Goal of the exercise
Only the lines below starting at the one that contains "我院国家二级演员,资深培训导" and ending at the one that contains "Natural Dyes Warangal" are to be reproduced, exactly and with both ends kept.

Working data
=======

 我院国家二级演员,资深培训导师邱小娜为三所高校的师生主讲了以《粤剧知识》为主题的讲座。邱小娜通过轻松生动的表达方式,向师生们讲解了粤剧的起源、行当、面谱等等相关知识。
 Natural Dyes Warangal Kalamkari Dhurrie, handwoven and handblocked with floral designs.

=======

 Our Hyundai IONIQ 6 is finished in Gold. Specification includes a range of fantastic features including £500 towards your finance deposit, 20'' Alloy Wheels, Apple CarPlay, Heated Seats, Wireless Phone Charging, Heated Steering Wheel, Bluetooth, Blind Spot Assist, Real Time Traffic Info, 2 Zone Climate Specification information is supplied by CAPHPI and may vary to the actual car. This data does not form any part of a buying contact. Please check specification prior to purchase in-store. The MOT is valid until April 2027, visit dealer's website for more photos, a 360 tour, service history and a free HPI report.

=======

Result of the task
 我院国家二级演员,资深培训导师邱小娜为三所高校的师生主讲了以《粤剧知识》为主题的讲座。邱小娜通过轻松生动的表达方式,向师生们讲解了粤剧的起源、行当、面谱等等相关知识。
 Natural Dyes Warangal Kalamkari Dhurrie, handwoven and handblocked with floral designs.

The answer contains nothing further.